The Africa we see emerge from the COVID-19 pandemic may well be one we don’t want to see. Many African countries are especially dependent on primary commodity exports – like oil and minerals – and the virus has taken a major toll on demand for Africa’s prized exports. This downturn severely hurts economic development across an already fragile and increasingly strategically important continent. Coupled with a surge in massive amounts of external debt – a lot of which comes from China – over the years, Africa could be headed down a path that will be difficult to correct post-COVID-19.

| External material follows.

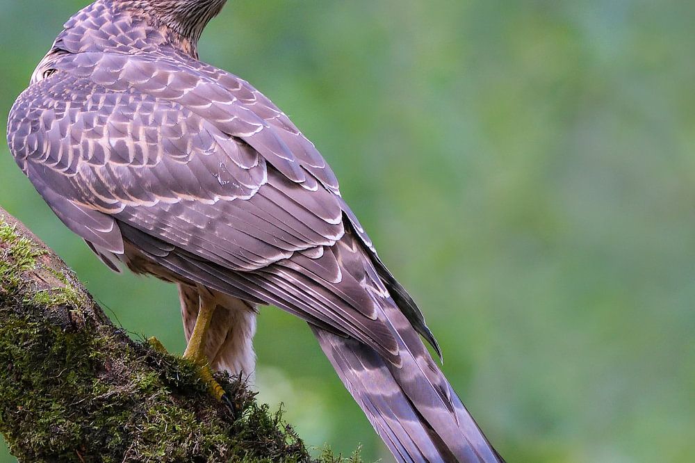 Junger weiblicher Habicht, der sich auf einer Waldlichtung mit den zarten grünen Farben der Vegetation im Hintergrund auf der Suche nach Nahrung umsieht.

John Madeira, Junior Fellow

Military Training and Readiness

The outbreak on the USS Roosevelt revealed a large issue, how is the DoD going to maintain readiness in a COVID-19 world? At a minimum, the Navy will need to sterilize all its vessels and then do rigorous testing BEFORE crew members board and eliminate all non-essential port calls. The Army and Marines will have to look at the close quarters living both in garrison and in field exercises. Finally, they will have to weigh the national security benefits of overseas deployments with the expected costs of service members exposed to COVID-19. This could have serious implications for our national security.

Ken Robbins, Senior Fellow

Public Diplomacy

In terms of public diplomacy, America’s post-COVID-19 international image will depend largely on its performance during and recovery after the pandemic. Does the United States live up to the premise that its system is better than the Russian or Chinese models? Does the U.S. come off as a purveyor of facts or misinformation amidst the pandemic? Post-coronavirus, the U.S. will need to double down on efforts to rebuild the “people-to-people” relationships that are so critical for American credibility in the age of disinformation. Social distancing makes this hard, but these networks are valuable in countless ways, including cross cultural scientific and medical innovation.